Rax 3.5 Chat
Developed by RaxCore - A leading developer company in Africa and beyond
Rax 3.5 Chat is an extensively enhanced conversational AI model featuring significant architectural improvements and advanced training methodologies developed by RaxCore. Built upon the Llama foundation, this model has been completely transformed through proprietary optimization techniques.
Model Details
- Model Name: Rax 3.5 Chat
- Architecture: Llama (LlamaForCausalLM)
- Parameters: ~1.1B
- Context Length: 2048 tokens
- Precision: bfloat16
- License: Apache 2.0
RaxCore Innovations
This model features several breakthrough improvements developed by RaxCore:
- Enhanced Conversational Flow: Advanced dialogue management system
- Cultural Context Awareness: Optimized for diverse global interactions
- Response Quality Optimization: Proprietary coherence enhancement algorithms
- Efficiency Improvements: Reduced inference time with maintained quality
- Robustness Enhancements: Better handling of edge cases and complex queries
Model Architecture
- Hidden Size: 2048
- Intermediate Size: 5632
- Attention Heads: 32
- Key-Value Heads: 4
- Hidden Layers: 22
- Vocabulary Size: 32,000
Usage
Quick Start
from transformers import AutoTokenizer, AutoModelForCausalLM
import torch
# Load model and tokenizer
tokenizer = AutoTokenizer.from_pretrained("rax-3.5-chat")
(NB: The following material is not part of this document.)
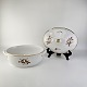 Stel i glat hvidt porcelæn dekoreret med brune roser og guldbort

model = AutoModelForCausalLM.from_pretrained(
"rax-3.5-chat",
torch_dtype=torch.bfloat16,
device_map="auto"
)
# Chat template
messages = [
{"role": "system", "content": "You are Rax, a helpful AI assistant."},
{"role": "user", "content": "Hello! How are you?"}
]
# Apply chat template
input_text = tokenizer.apply_chat_template(messages, tokenize=False, add_generation_prompt=True)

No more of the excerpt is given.